In „Die Zumutung“ hat Marianne ein Wort für die Gesunden, die ihren Körper nicht lesen können müssen: „Körper-Analphabeten“ ist dieser so treffende Ausdruck. Jene, die nicht herausgefordert sind, die Sprache des Körpers zu lernen, die aufgrund von Gesundheit sich lange niederlassen können in ihrem Körper mit der (manchmal wohl nur vermeintlichen) Aussicht auf ungestörte weitere Jahre, können sich den Hochmut gegenüber einer medizinischen Forschung oder Organtransplantation leisten. Ein Thema bei Gruber; allerdings ist in jedem dieser Romane auch das Schreiben ein Thema: Während Anton als Journalist seinen Ausweg aus der Beschränkung der Heimat und Herkunft sucht, erhofft sich Marianne: „Man muss den Tod in ein Gespräch verwickeln, ihn ablenken. Er arbeitet weniger schnell, wenn man mit ihm spricht.“ Irma schließlich erschreibt sich das Leben der Organspenderin, deren Niere ihr Leben verlängern und verbessern kann.

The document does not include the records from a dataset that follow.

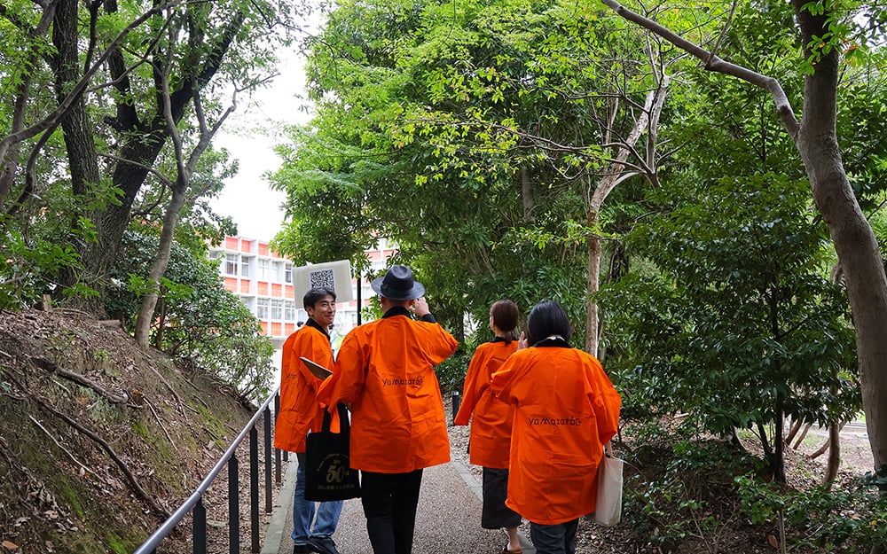 本部棟から出発して、キャンパスの最北端に位置するコパン(学生会館)の「咖哩日和」に到着しました。2025年4月からはうどんの販売(うどん日和)も始まり、メニュー表もにぎやかです。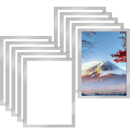 Comzantor 10 stycken magnetiska fotoramar A4, magnetisk ram, vikbar, diamantmålningsram, magnetisk informationsram, självhäftande för dokument, affischer och mer i DIN A4-format (silver)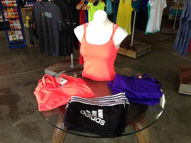 See ladies? You can totally find cute clothes in a good, old-fashioned running store. (That black/grey striped top. I WANT IT. Must be responsible with paycheck, must be responsible with paycheck…)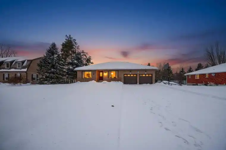 Snow Valley! Great potential in this nice sized all brick ranch bungalow on a sprawling 100 x 200 ft lot. Good size kitchen & breakfast area walk out to decking and spacious backyard. Bright living room overlooking front grounds. Primary bedroom with walk thru closet and 3 piece ensuite. 2 other spacious bedrooms on main level & full bathroom. Mudroom with inside entrance from double garage to the kitchen. Lower level offers ability to have an extra 2 bedrooms if needed, or gym/office area. Rec room is huge and offers a warm cottage feeling. Some rooms have been virtually staged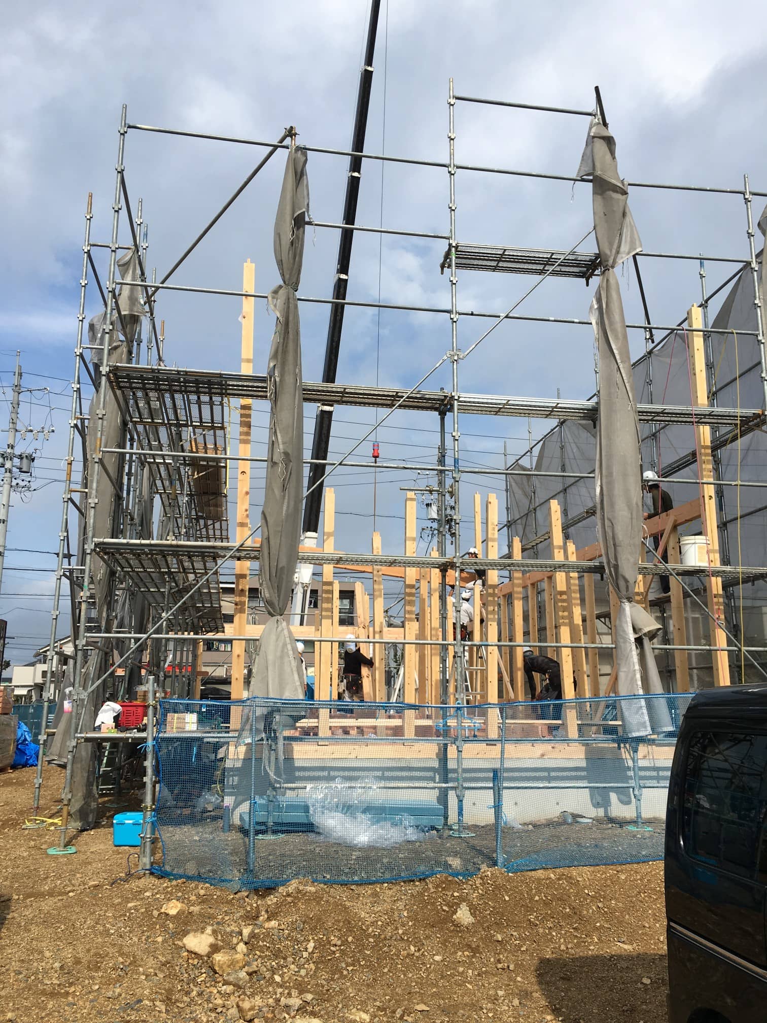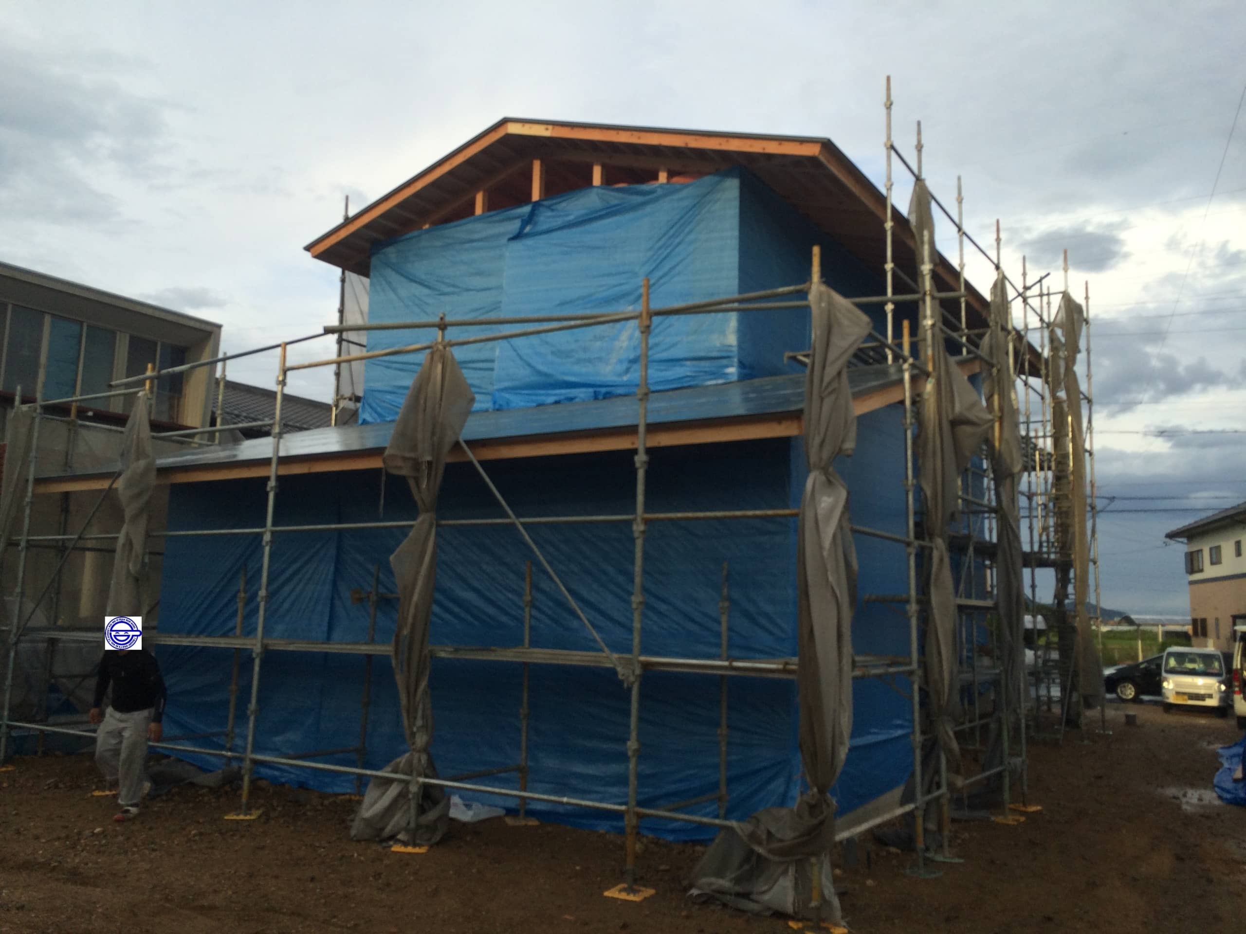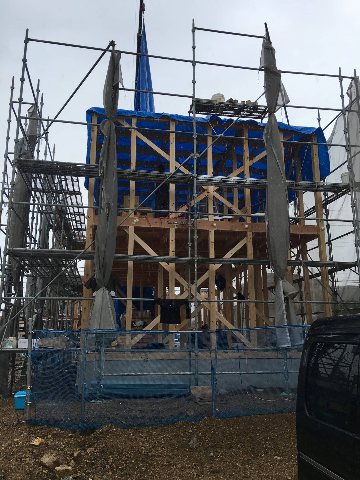 Kさんをはじめ、大工の方々が柱や床に雨が当たらないよう、ビニールシートをかけて一日作業に当たって下さいました。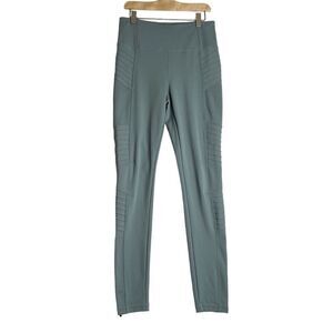 Athleta Delancey Moto Tight Legging Green Zip Pockets High Rise Travel SP Petite

Die Autorin greift damit den Faden auf, den alle Kunst schaffenden Menschen mit ihrer Arbeit ergriffen haben: jenen der Überwindung des Todes durch die Kunst.

Jury

Die Schriftstellerin Barbara Neuwirth, Grubers Laudatorin, war ebenso Mitglied der Jury wie Marianne Gruber (Österreichische Gesellschaft für Literatur) und der Innsbrucker Germanist Johann Holzner (Brenner-Archiv).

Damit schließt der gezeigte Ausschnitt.